Let us consider the example of a "credit card transaction" "charge-back fee amount".
Say you are a small retail firm, and you want to begin accepting credit cards to pay for purchases. You contact several credit card companies to determine the process. You discover that different companies charge different fees for using their services.
The fees charged differ under different circumstances such as 1) cash advances or 2) payment overdue fees.
You realize that to understand what the provision of this service to your customers is going to cost you, you need to collect the service fee for each transaction separately to be able to better analyze profitability.
This recognition of the need for a data element is step one.
A data element is not captured just because it exists. In order to consider a data element, it needs to be of value to someone, or there needs to be a reason for using this element in the future. As you find out what impact the new data element has on the organization, you may discover other data elements also need to be available.
The Need It phase is the recognition of a new fact, which needs to be available in order to accomplish a task. You now know you need a Credit Card Transaction Charge-Back Fee Amount to assess profitability in your business, determine return on investment
(ROI) by looking at service usage and cost, and even plan next year's budget. So what happens after you know you need it?

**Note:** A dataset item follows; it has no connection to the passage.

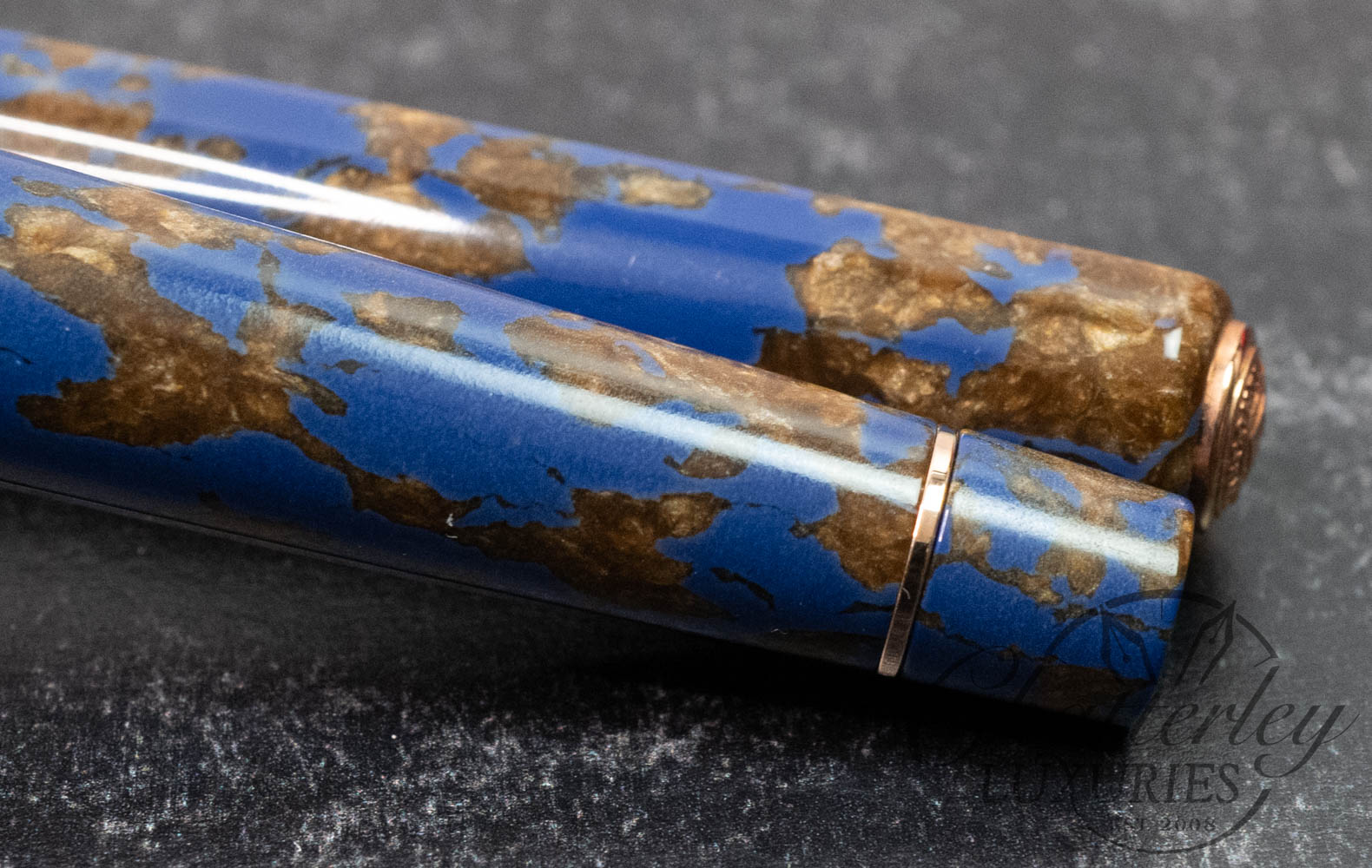 These pens fill via Visconti’s ever popular high capacity Power Filler and have 18k gold nibs. Packing is also specialized for this pen in blue.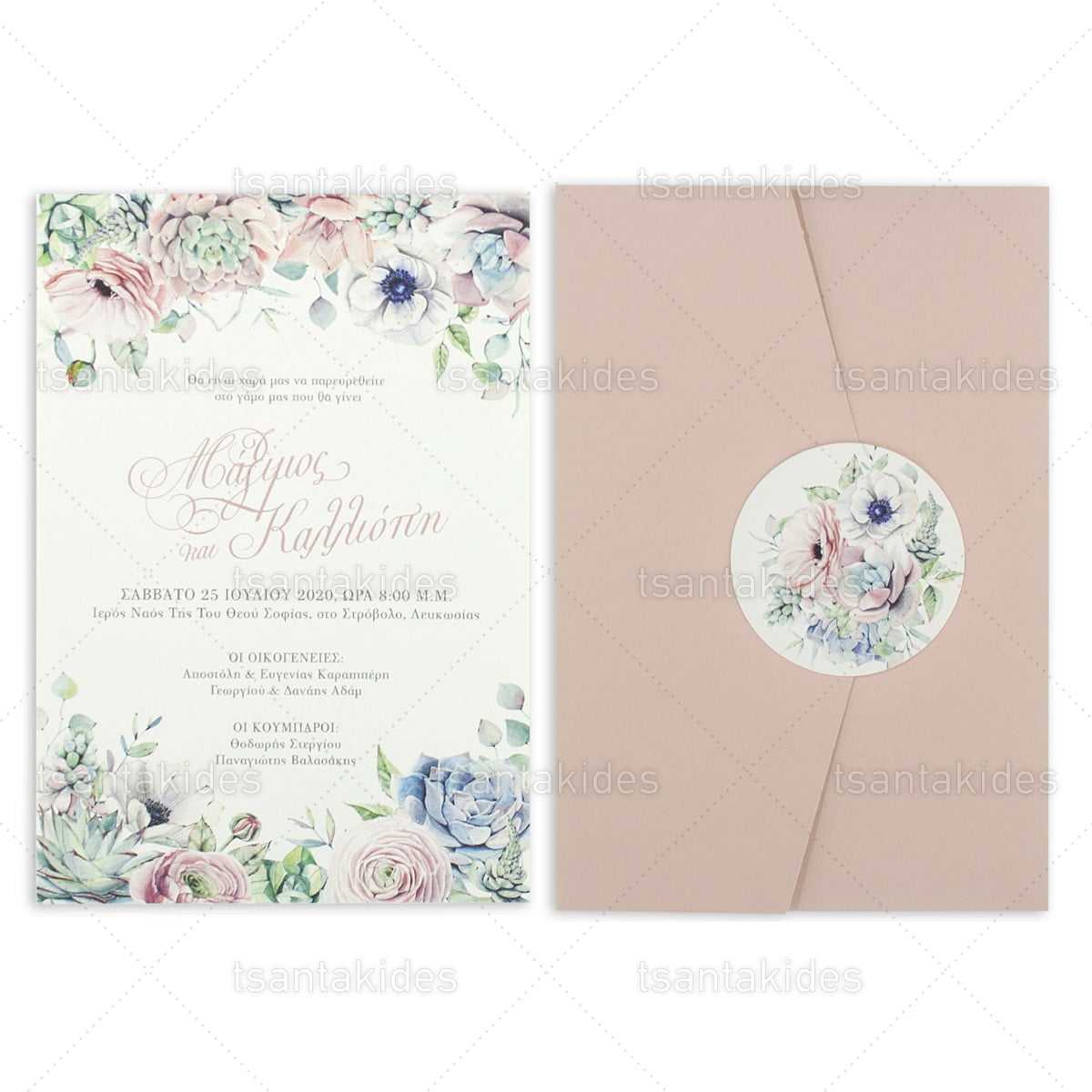 Προσκλητήριο γάμου εκτυπωμένο με θέμα Chic Blush Floral & Succulents

In this stage, you explore and analyze the data element you need to collect.
You ask questions about frequency, size, and business rules
. You explore methods of capturing and storing data while investigating security, reliability, and quality issues.
You ask questions such as:
- how much can a credit card transaction charge-back fee amount be?
- If you are charged later, how do you tie it to the individual transaction?
- Is it credited to the store so the amount could be a plus or a minus value?
Generally, hundreds of questions arise to discover and plan for the true nature and business requirements
of the data element. When you are in this Plan It
stage, you look at different aspects of the data element and document. This may be in the form of a formal specification or a lively brainstorming session. What happens after you make a plan for it?
The Collect Data Stage is the part of the life cycle where you check to see if you were right and then implement the plan.
It is a time of testing and finally deploying the chosen method of data creation. You must sufficiently understand the data to at least draft a solution to the data requirements and to be able to verify that the plan is going to work. For this example, you start a collection of credit card transaction charge-back fee amounts and see if you learned enough to manage them properly. Sometimes this means you end up discovering you need more data elements or you did not plan for this one properly. This testing happens every time a new value (a real instance of the data element)
comes into your hands to manage. You may find that things run smoothly for a period of time and then changes in the billing style of the credit card company impact your understanding, use, and definition of this data element. When that happens, the plan for the data element changes. None of these stages in the life cycle has to be sequential. Loopbacks can happen innumerable times.
So now you feel comfortable that you have the process of "collection of credit card transaction charge-back fee" amounts right.
After collecting a certain amount of data, you must decide how to store it, possibly using different techniques to support different processes.
For example, you may need a focused, simple, little data store, such as an Extensible Markup Language (XML) file to collect real-time data.
However, you also need a larger, more complex one to support the compilation of all the little data sets into one for corporate reporting. Imagine that the data elements are originally collected in dozens of little individual credit card scanners that are polled on a periodic basis. Those data values may need to be applied correctly to the sales data from the cash registers and finally aggregated and sent on to a different environment. Security or accessibility issues may require parallel storage (in case of power or equipment failure). This is another point at which it is critical to monitor the process by which you will collect this data element, with particular regard to correctness and to performance requirements. You are striving for a process that is accurate and reliable so that the Credit Card Transaction Charge-Back Fee Amount is correctly collected and stored each time,
but at the same time you may be required to be sensitive to adding undue complexity (and therefore time) to the sale completion process.
But once you have collected and stored it to your satisfaction, what happens next?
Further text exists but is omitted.